Entre os nove princípios está a “defesa do meio ambiente, inclusive mediante tratamento diferenciado conforme o impacto ambiental dos produtos e serviços e de seus processos de elaboração e prestação” (art. 170, VI, da CF/88). Grau (2005) observa que se trata de um princípio constitucional impositivo de caráter conformador. Dessarte, continua o autor, a Constituição Federal de 1988 reafirma a defesa do meio ambiente como um limite à atividade econômica, uma vez que os recursos naturais não são mais vistos como infinitos, mas reconhece-se a limitação da Terra em repor os recursos na mesma velocidade em que são consumidos. Para Borges Netto (1995, p. 158):

“o desenvolvimento de toda e qualquer atividade econômica, em nosso país, deve preservar a rigidez do meio ambiente, eis que este é princípio constitucional impositivo da ordem econômica, sendo, ainda, bem de uso comum do povo e essencial à sadia qualidade de vida.”

2 O controle ambiental sustentável da biotecnologia moderna

A tecnologia de recombinação do ácido desoxirribonucleico (DNA) para a produção de novas espécies teve sua origem com a descoberta do DNA nos anos 50 e evoluiu com a melhor precisão dos mecanismos de hereditariedade. Em 1975, em Asilomar, EUA, reuniram-se cientistas do mundo inteiro para debater questões controvertidas que já pairavam sobre a nova técnica. Nos anos 90, também nos Estados Unidos, os primeiros produtos geneticamente modificados entraram no mercado com uma boa aceitação no público estadunidense. Entretanto, as controvérsias sobre a biotecnologia moderna perduram até hoje e proveem um espaço de acirrado debate científico e, sobretudo, político.

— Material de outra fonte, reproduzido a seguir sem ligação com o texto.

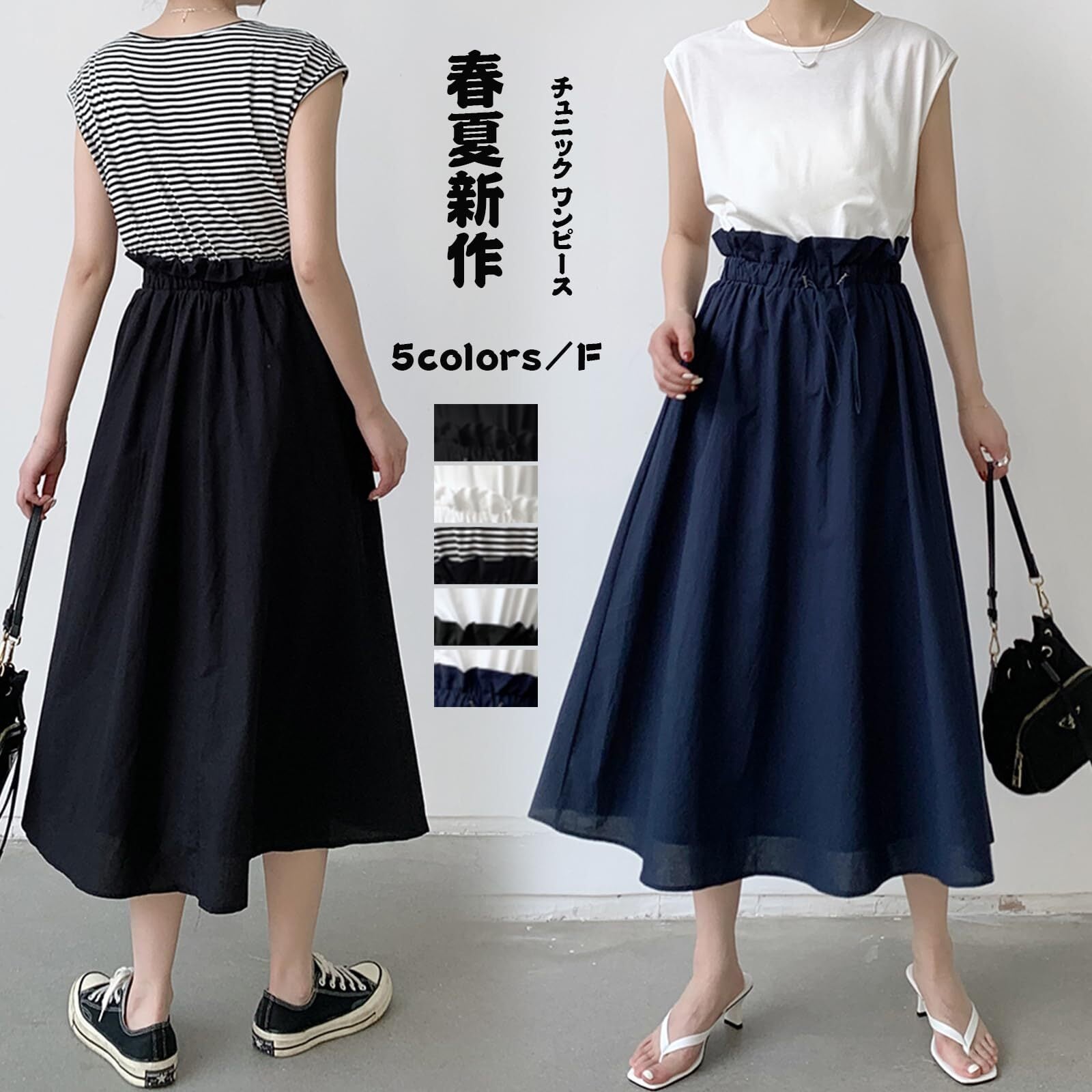 [JoccKorr] ワンピース レディース ロングワンピース 切り替え 半袖 チュニックワンピース ドレス ノースリーブ tシャツ ワンピース 丸襟 カジュアル きれいめ マキシ丈 体型カバー ファッション 普段着 通勤 春夏
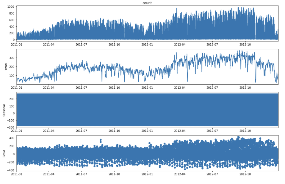 seasonal_decompose( ) 후 세가지 특성 각각에 접근할 수도 있다. 위의 코드와 같이 시계열 요소 추출을 저장해놓은 변수 뒤에 .trend, .seasonal, .resid를 통해서 각각의 값에 접근이 가능하고, 실제로 여기에서는 trend와 seasonal을 'count_trend'와 'count_seasonal'이라는 새로운 열을 만들어 원본 DataFrame에 추가하였다.
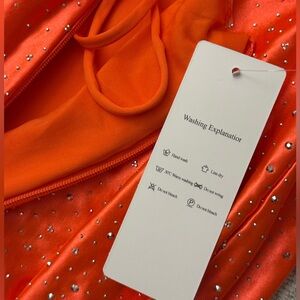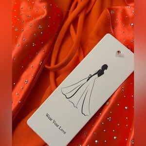 Vibrant orange strapless mini dress with cut-out details. Perfect for a night out.
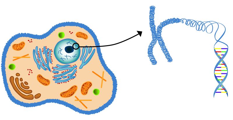 Figur 3. Kromosomer og DNA. Kromosomerne er opbygget af DNA, og opbevares i cellernes kerner. DNA består bl.a. af de fire baser adenin (A), thymin (T), guanin (G) og cytosin (C). De to strenge i DNA snor sig om hinanden og danner en helix.
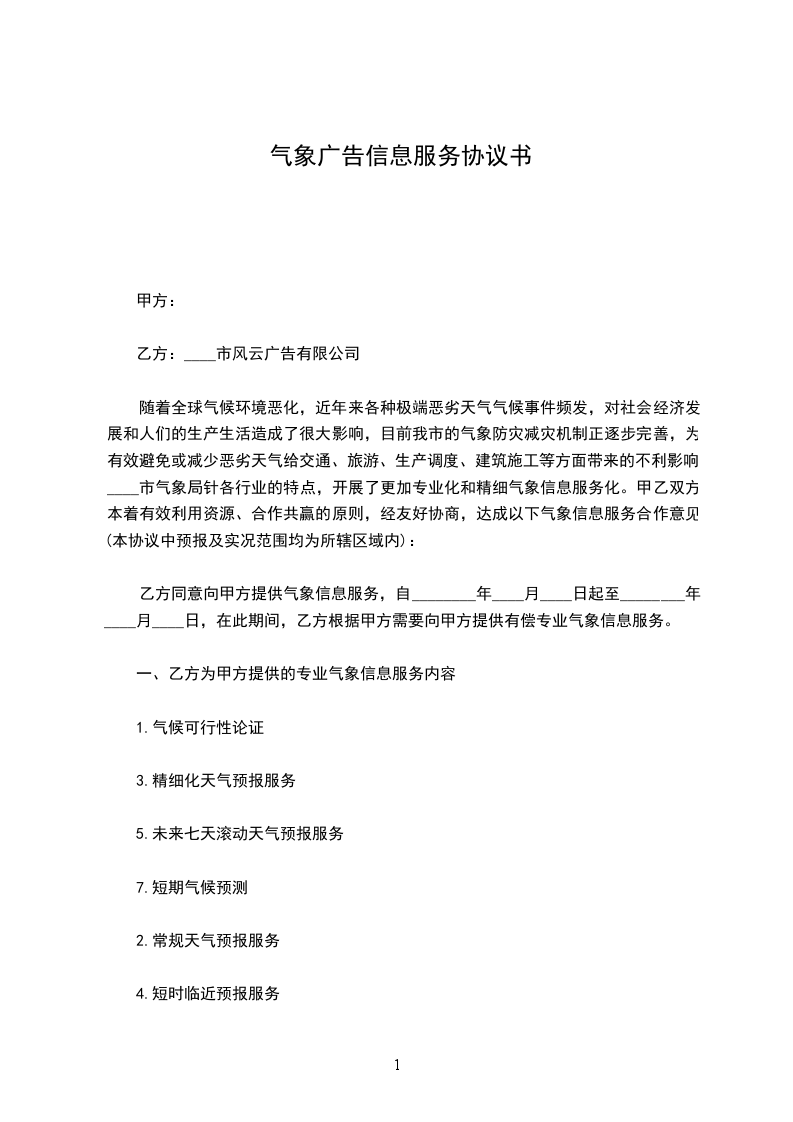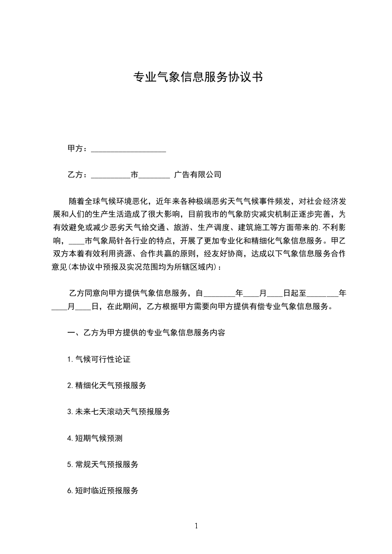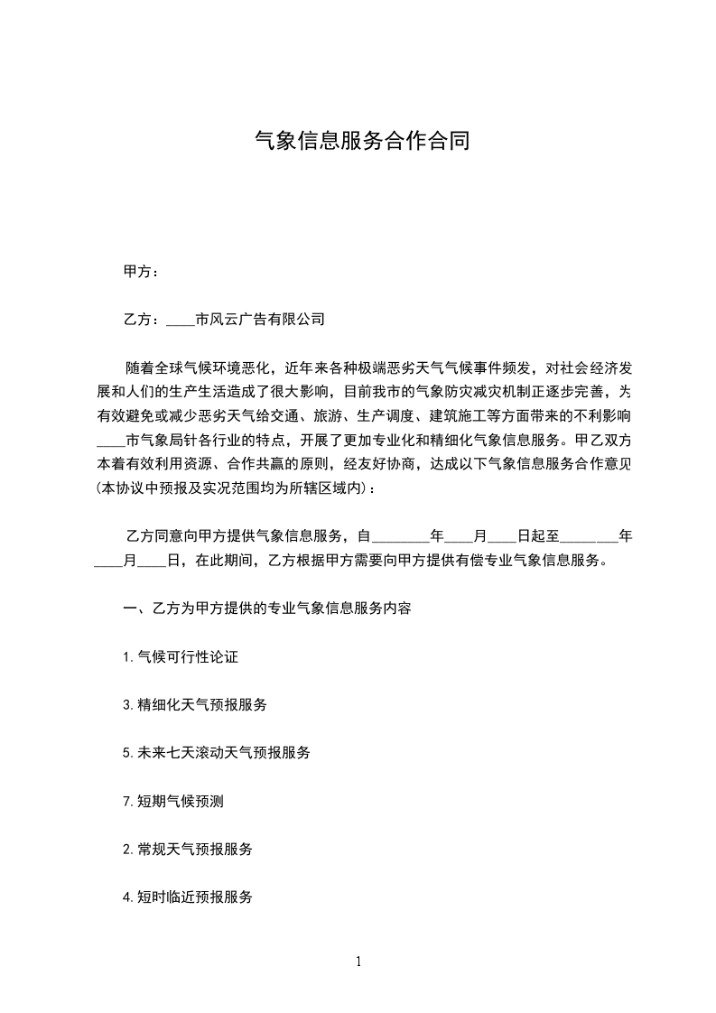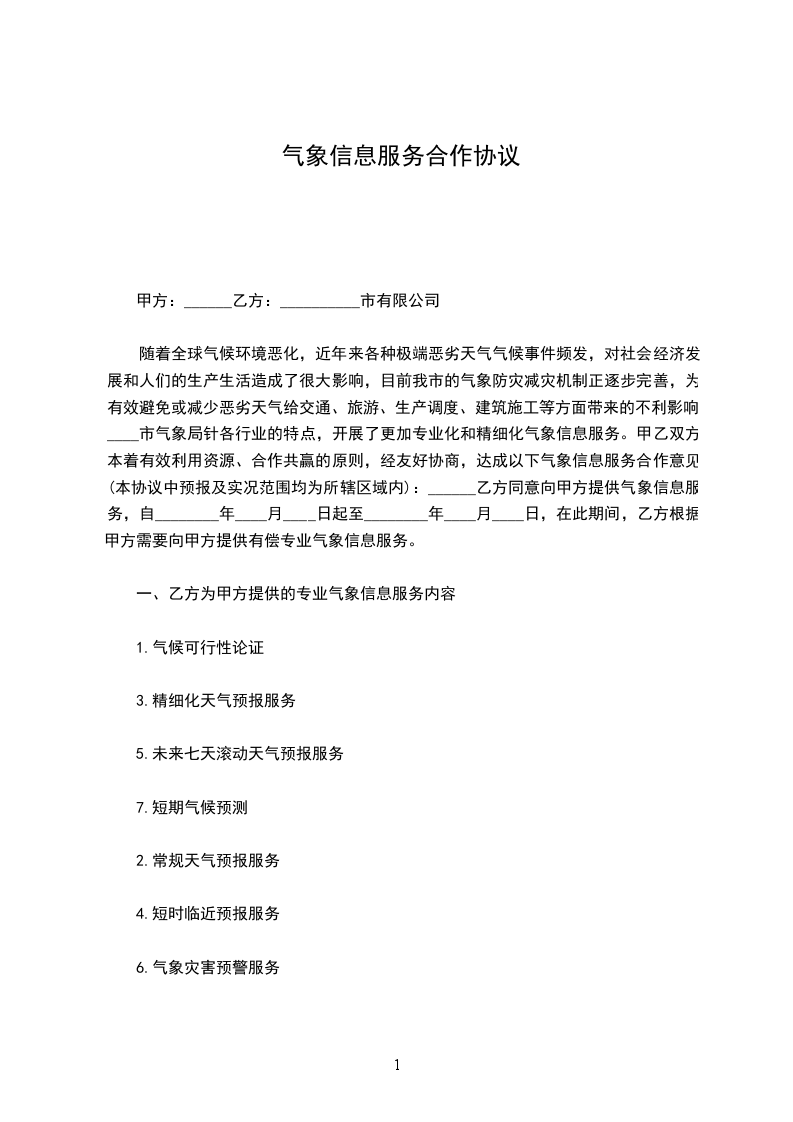 一、甲方为乙方开通_______气象网站,并通过该网站为乙方开展综合气象信息服务。现阶段已上网的气象信息内容见附件,今后甲方应根据乙方对气象信息的需求、各行业生产和防减灾工作特点,及时充实和完善网站气象服务信息。
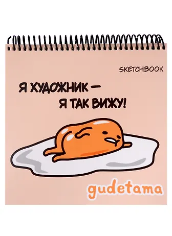 Скетчбук 190*190 48л "Гудетама", жесткая подложка, гребень, блок 90г/м2
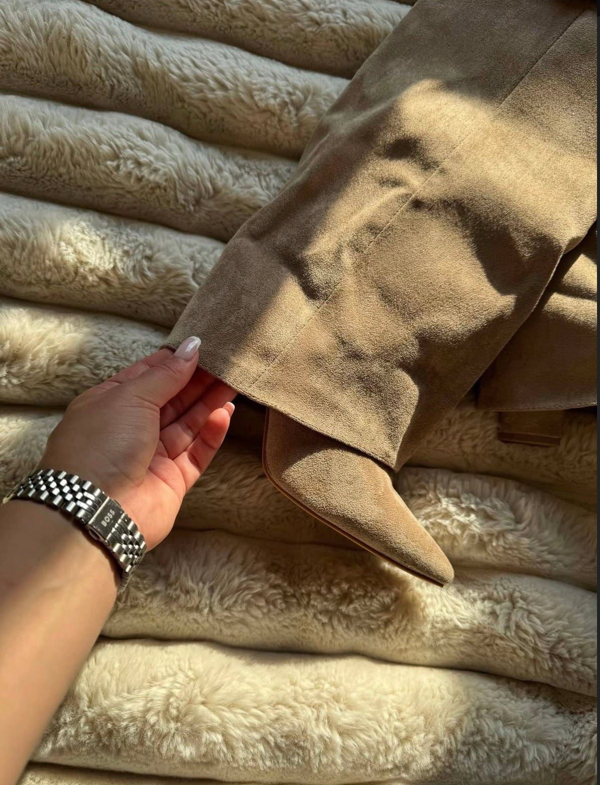 Dank des eingebauten 8 cm Keilabsatzes erhält der Stiefel eine feminine Linie und zusätzlichen Stand, bleibt dabei aber außergewöhnlich bequem – der Absatz fühlt sich beim Gehen deutlich niedriger an, da er vollständig integriert und optimal ausbalanciert ist. Perfekt kombiniert mit Strick, Mänteln oder Kleidern – für einen mühelos glamourösen Herbst- und Winter-Look.

Tratar de um controle para a biotecnologia moderna no prisma do direito do desenvolvimento sustentável implica o condicionamento da atividade econômica relacionada a essa tecnologia aos imperativos de um meio ambiente ecologicamente equilibrado. O direito do desenvolvimento sustentável não tem como meta represar o desenvolvimento de novas tecnologias de produção; ele apenas promove um saneamento desse desenvolvimento tecnológico para que ele sirva aos objetivos da sustentabilidade.

Nesse momento, surge uma dupla dimensão reguladora do direito do desenvolvimento sustentável. Num primeiro momento, ele deve promover o desenvolvimento de novas tecnologias, corroborando para o incremento da produção industrial. Por fim, ele também deve, concomitantemente, sanear essas tecnologias a partir de valores democráticos em respeito aos direitos fundamentais (DERANI, 2008).

Uma legislação destinada ao controle da biotecnologia moderna tem como meta maximizar os benefícios que essa pode trazer e minimizar os possíveis riscos que a mesma possa apresentar. Nesse intuito, essa legislação tem três campos principais para regulamentação (GLOWKA, 2003): a) biossegurança: essa área representa a primeira preocupação de um sistema normativo para a biotecnologia moderna. Volta-se para riscos ambientais de liberações de OGM no meio ambiente, seja para fins de pesquisa, seja para uso comercial, englobando também os usos em contenção; b) segurança alimentar: procura-se controlar os riscos de produtos GM utilizados como alimento humano, ração animal ou ingredientes. Toda a cadeia produtiva que utiliza produtos GM seria rastreada por meio de padrões rígidos de documentação e rotulagem; c) proteção do consumidor: a primeira necessidade é estabelecer a rotulagem de produtos finais, garantindo ao consumidor o direito de escolha e assegurando que os consumidores não estão sendo enganados por práticas comerciais enganosas. Também entra nessa dimensão o acesso à informação e a participação pública nos processos decisórios.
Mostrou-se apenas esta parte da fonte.